BEGIN Data shown
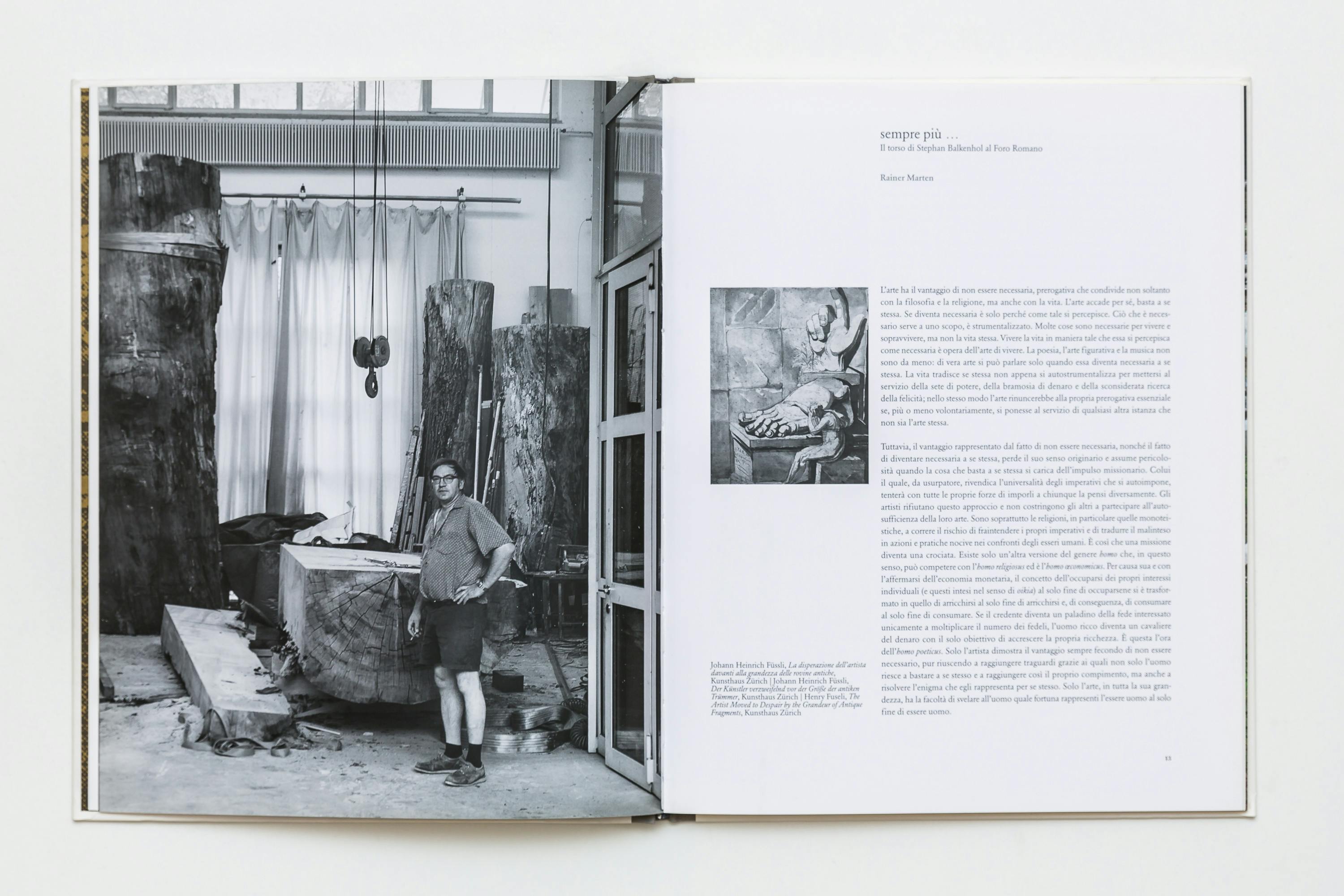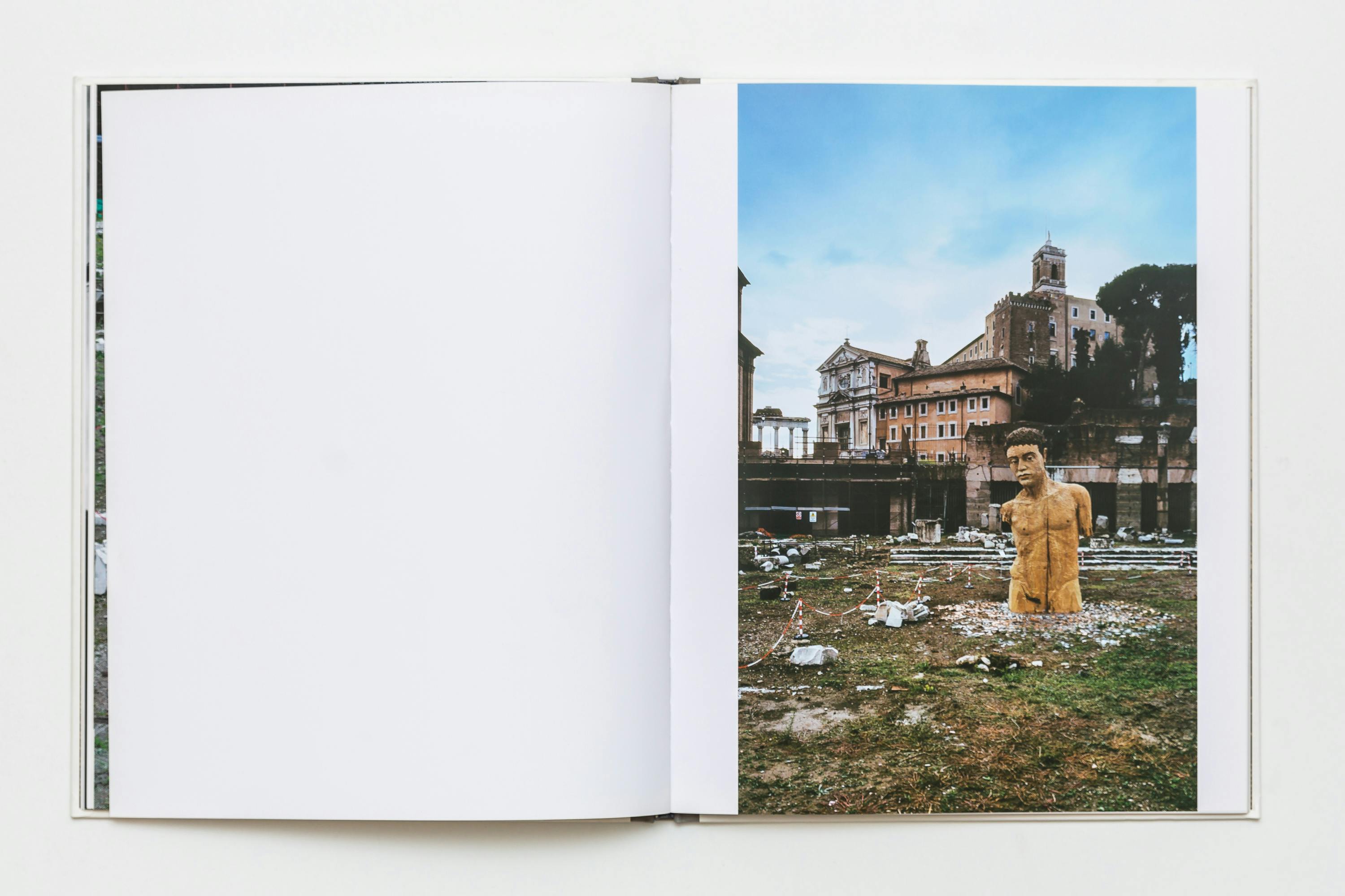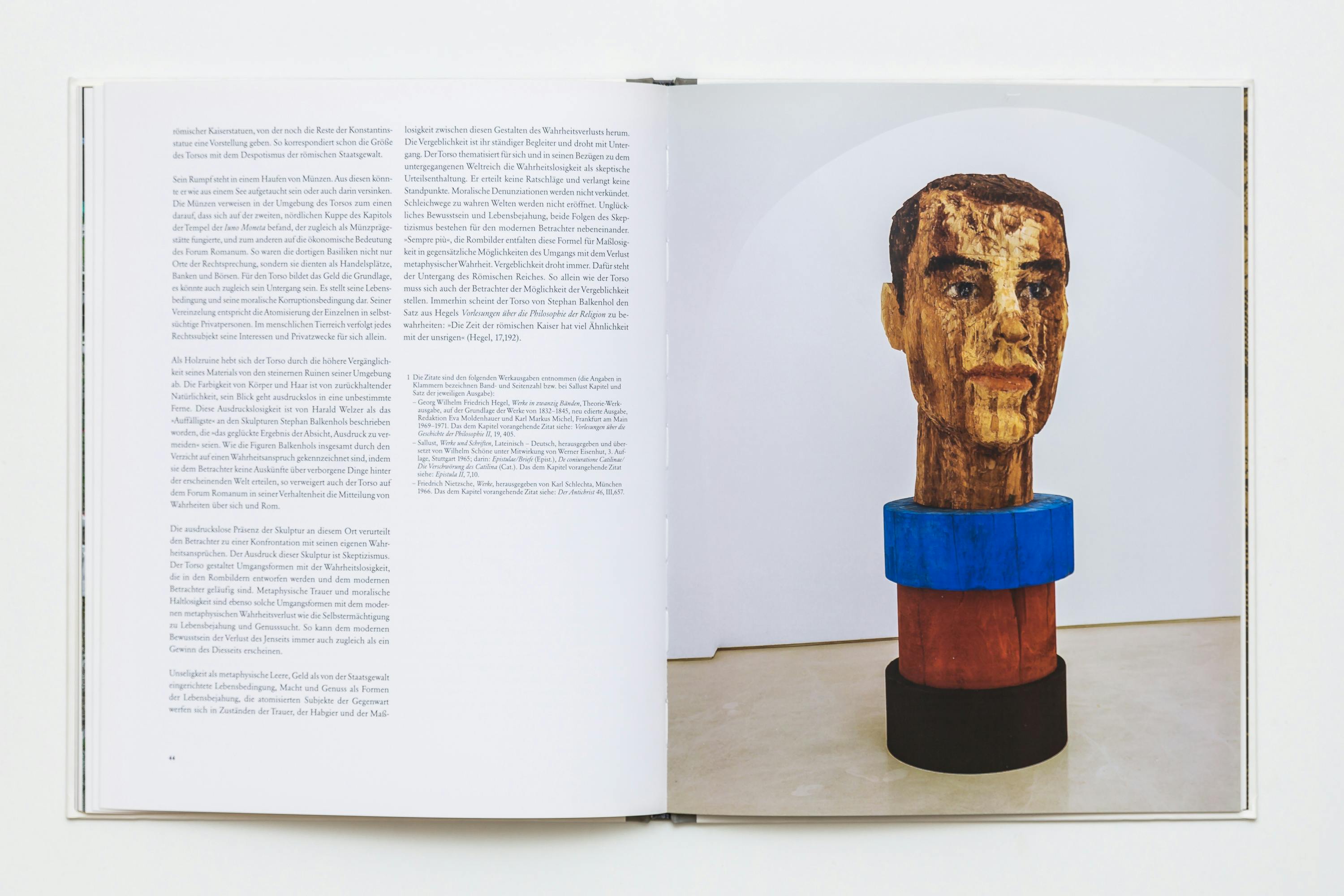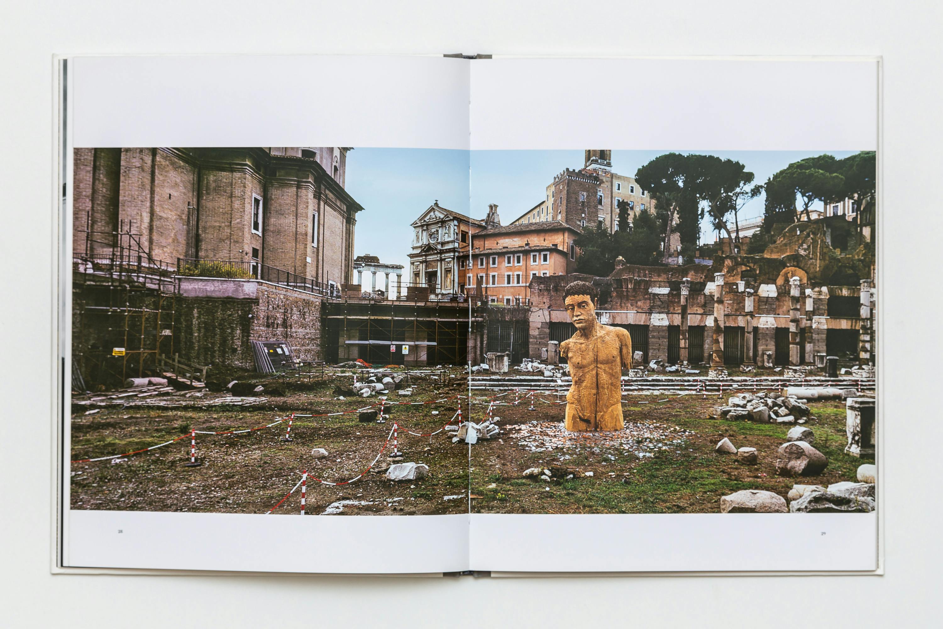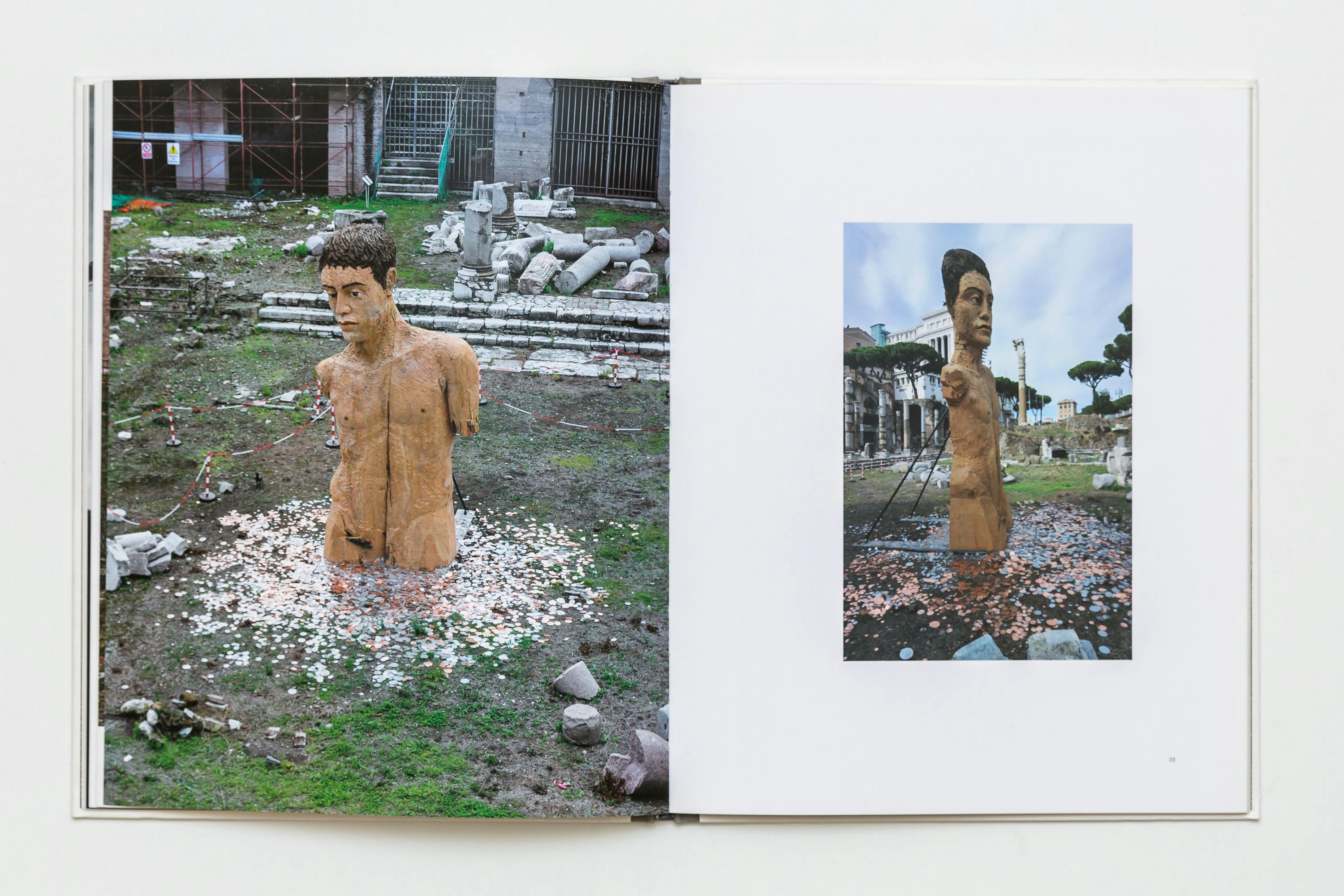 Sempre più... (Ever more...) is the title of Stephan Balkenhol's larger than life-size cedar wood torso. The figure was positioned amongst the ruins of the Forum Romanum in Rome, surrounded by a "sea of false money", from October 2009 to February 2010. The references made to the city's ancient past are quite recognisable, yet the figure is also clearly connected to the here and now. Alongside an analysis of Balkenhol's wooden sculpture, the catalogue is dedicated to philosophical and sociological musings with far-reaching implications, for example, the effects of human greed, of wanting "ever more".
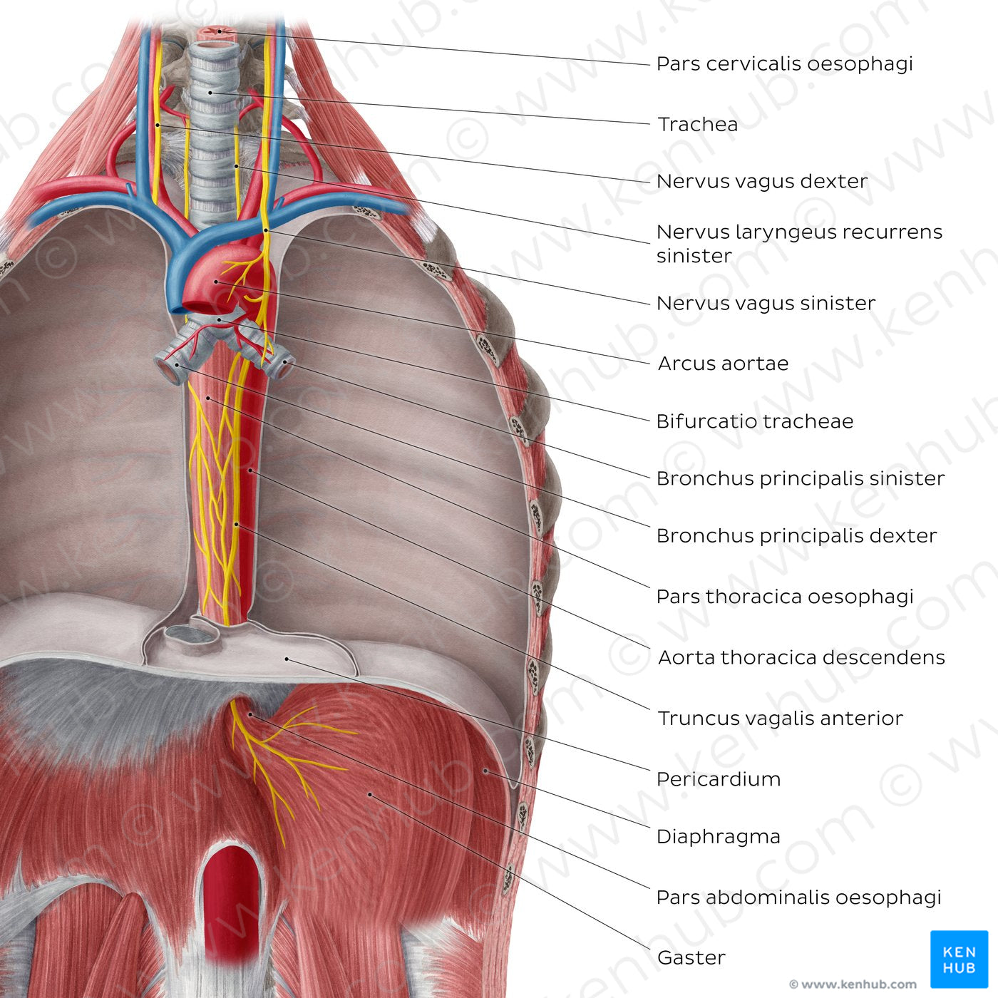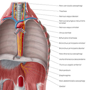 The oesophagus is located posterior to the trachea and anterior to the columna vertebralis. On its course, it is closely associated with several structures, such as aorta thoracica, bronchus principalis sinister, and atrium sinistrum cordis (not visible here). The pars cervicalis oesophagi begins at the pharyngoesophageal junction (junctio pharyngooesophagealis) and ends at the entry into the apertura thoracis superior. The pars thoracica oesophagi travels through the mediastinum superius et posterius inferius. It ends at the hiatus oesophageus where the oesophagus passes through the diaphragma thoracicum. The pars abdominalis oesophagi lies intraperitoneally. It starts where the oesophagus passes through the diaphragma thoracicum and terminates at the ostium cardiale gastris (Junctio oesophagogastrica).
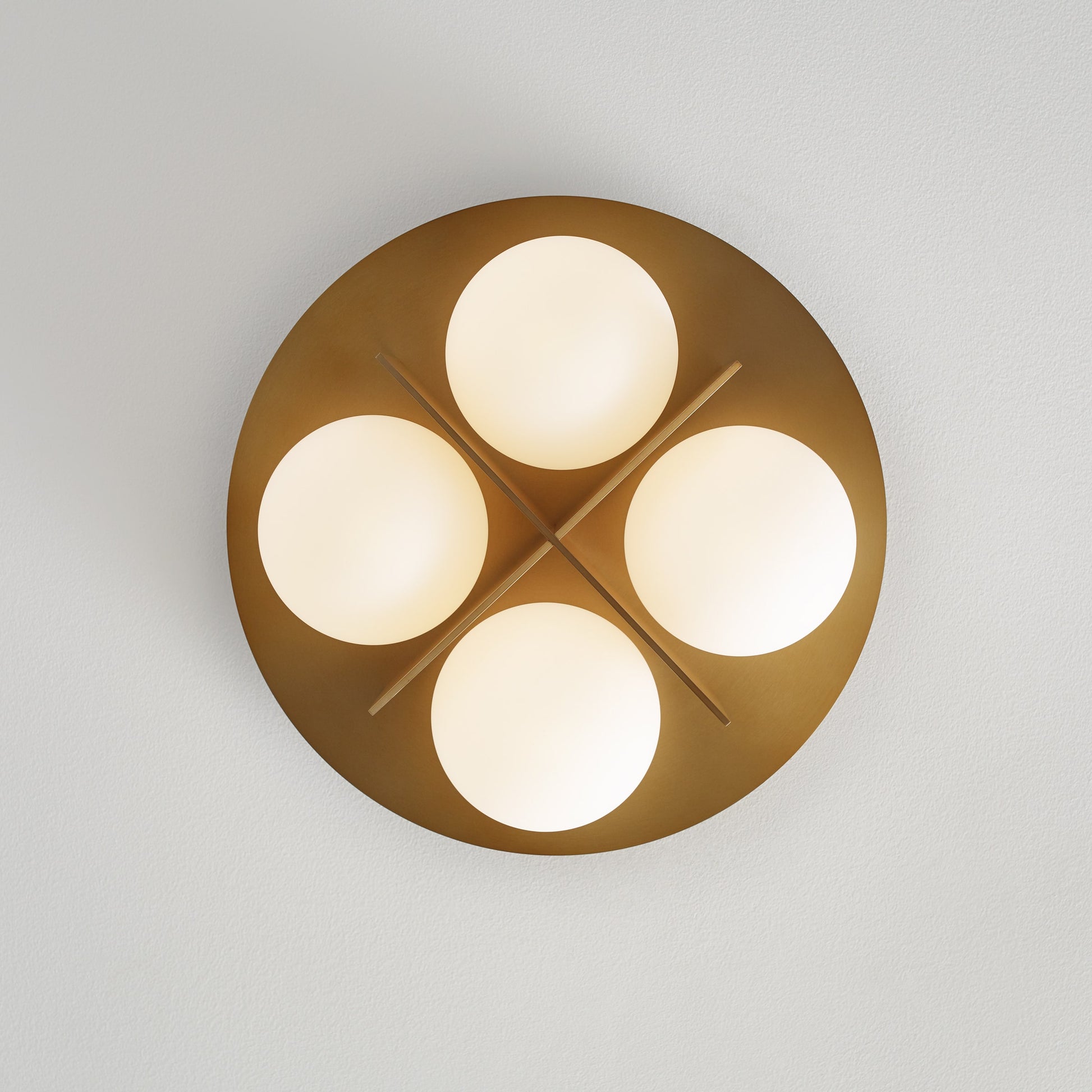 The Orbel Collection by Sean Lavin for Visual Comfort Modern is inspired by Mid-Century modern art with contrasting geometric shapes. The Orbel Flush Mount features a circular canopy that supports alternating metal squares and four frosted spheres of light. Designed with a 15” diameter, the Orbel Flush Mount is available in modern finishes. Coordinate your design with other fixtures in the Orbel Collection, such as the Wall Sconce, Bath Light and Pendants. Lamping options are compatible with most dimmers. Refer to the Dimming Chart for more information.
END Data shown
What to produce
Please give all of the material again, exactly, without the images.

The completed task
 Sempre più... (Ever more...) is the title of Stephan Balkenhol's larger than life-size cedar wood torso. The figure was positioned amongst the ruins of the Forum Romanum in Rome, surrounded by a "sea of false money", from October 2009 to February 2010. The references made to the city's ancient past are quite recognisable, yet the figure is also clearly connected to the here and now. Alongside an analysis of Balkenhol's wooden sculpture, the catalogue is dedicated to philosophical and sociological musings with far-reaching implications, for example, the effects of human greed, of wanting "ever more".
 The oesophagus is located posterior to the trachea and anterior to the columna vertebralis. On its course, it is closely associated with several structures, such as aorta thoracica, bronchus principalis sinister, and atrium sinistrum cordis (not visible here). The pars cervicalis oesophagi begins at the pharyngoesophageal junction (junctio pharyngooesophagealis) and ends at the entry into the apertura thoracis superior. The pars thoracica oesophagi travels through the mediastinum superius et posterius inferius. It ends at the hiatus oesophageus where the oesophagus passes through the diaphragma thoracicum. The pars abdominalis oesophagi lies intraperitoneally. It starts where the oesophagus passes through the diaphragma thoracicum and terminates at the ostium cardiale gastris (Junctio oesophagogastrica).
 The Orbel Collection by Sean Lavin for Visual Comfort Modern is inspired by Mid-Century modern art with contrasting geometric shapes. The Orbel Flush Mount features a circular canopy that supports alternating metal squares and four frosted spheres of light. Designed with a 15” diameter, the Orbel Flush Mount is available in modern finishes. Coordinate your design with other fixtures in the Orbel Collection, such as the Wall Sconce, Bath Light and Pendants. Lamping options are compatible with most dimmers. Refer to the Dimming Chart for more information.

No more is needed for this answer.